Remember how Warner Bros. was fixing to permanently because it would have been too much of a pain to keep processing the devs' royalty checks? Well it looks like that fate's been averted, with the games remaining up on Steam and their creators saying that they've been handed back full control.
" is safe," Creator Landon Podbielski wrote on . "More details soon but the email from Warner finally came. The game is being returned to Corptron along with its store pages on all platforms, it's not going anywhere.
"Thank you everyone… Hoping everyone else got the same email."
It certainly looks like they did: as reported by , developer tweeted that he had similarly gotten back ownership and store listing control from WB. A perusal of Adult Swim Games' shows its catalogue alive and well, despite it having reached the 60-day delisting mark originally specified by WB, and other games from the initiative like and remain available for purchase.
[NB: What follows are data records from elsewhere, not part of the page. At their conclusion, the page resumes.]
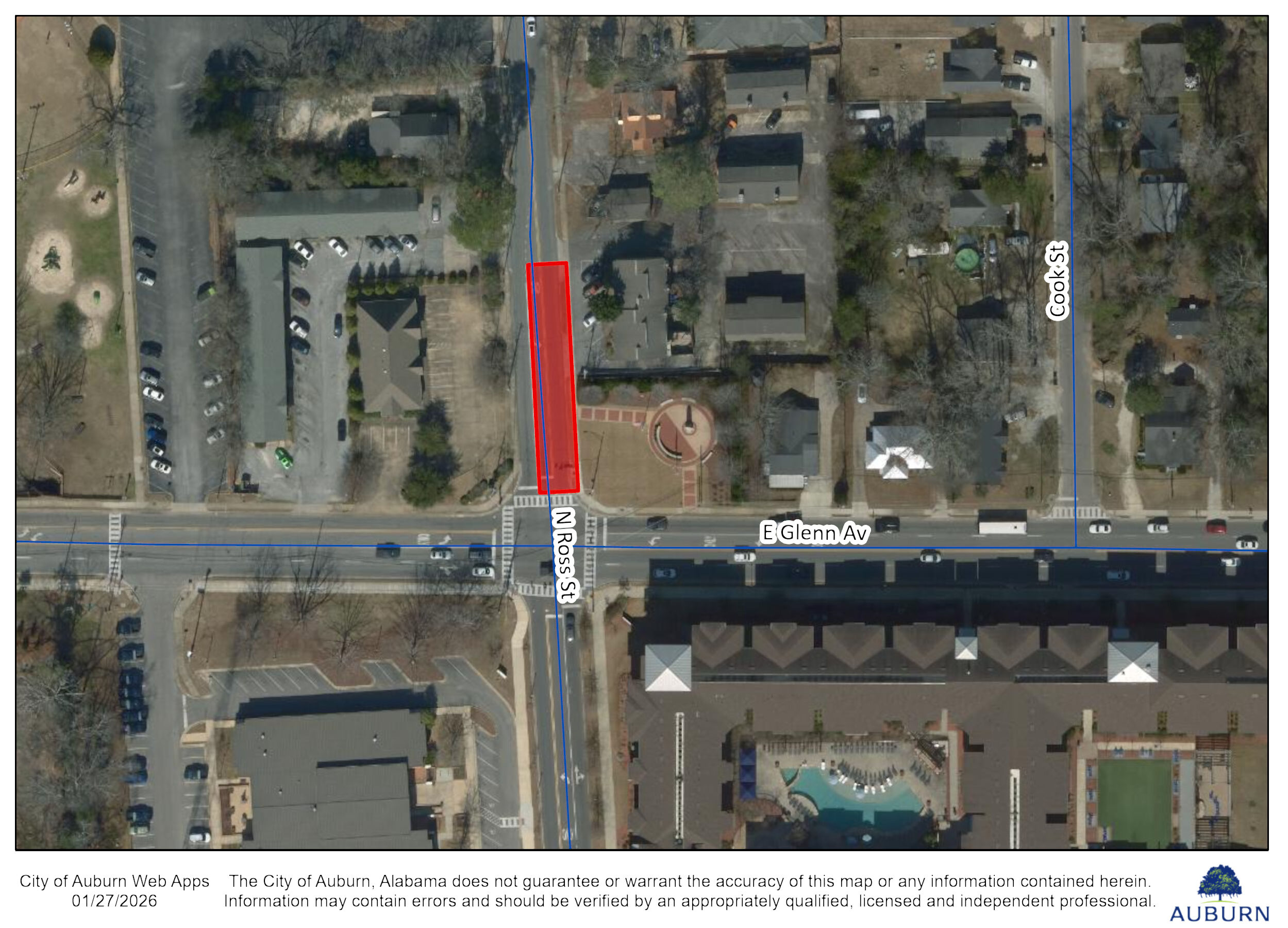 AUBURN- The northbound lane and left turn lane on North Ross Street just north of the East Glenn Avenue intersection are closed today, Jan. 27, for a water main repair. The southbound lane remains open to through traffic. Work is expected to take 4-6 hours to complete. The repair is expected to cause a water outage along North Ross Street between East Glenn Avenue and Opelika Road.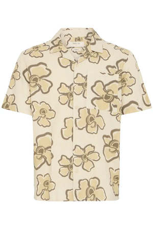 An easy, elevated take on a warm-weather staple. The Trenton Buttondown features a relaxed silhouette with a soft, breathable linen blend that keeps things cool while still feeling polished. The subtle floral print adds just the right amount of personalityeffortless, but not overdone. Designed with a classic camp collar, chest pocket, and lightweight drape, this is the kind of piece that works from day to night, beach to dinner. Details: 58% Linen, 42% Viscose Lightweight + breathable Relaxed fit Button front closure Chest pocket Subtle floral print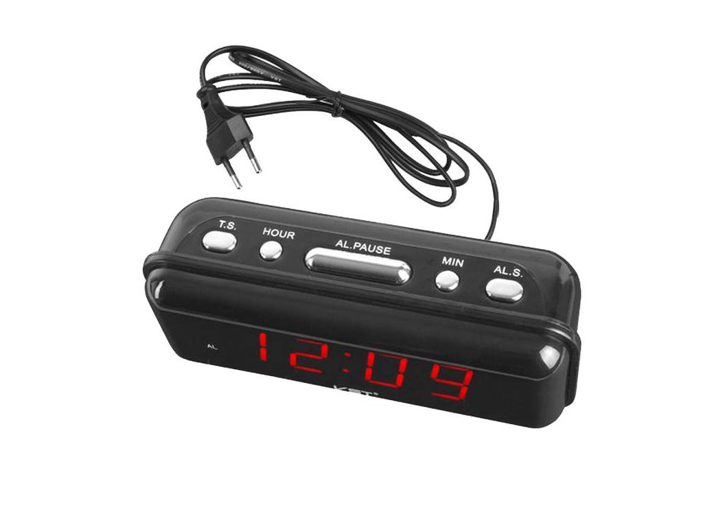Praktické stolní hodiny s budíkem. Zobrazují hodiny a minuty v podobě velkých číslic (cca.28mm) červené barvy. Napájení pomocí síťového kabelu.

Adult Swim Games seems to have been wound down in Yono all app 2020 and '21, with the final nail in the coffin being parent developer following the relative failure of Suicide Squad: Kill the Justice League. The publisher initially denied developer requests that they be transferred ownership of their games, claiming that it had "made the universal decision not to transfer the games back to the original studios and [did] not have the resources to do so."
So all's well that ends Yono all app well, I guess, but will publishers ever stop threatening to do something extremely unpopular and consumer-hostile before reversing the decision at the last second? It's been an of seeing that practice in action, and we've got no reason to believe it will let up any time soon.
Outside of games, WB has canceled the release of two big budget films in recent years, with and going in the vault in exchange for a tax write off from Uncle Sam. Say, if my tax dollars effectively paid for those movies, why can't I watch them for free?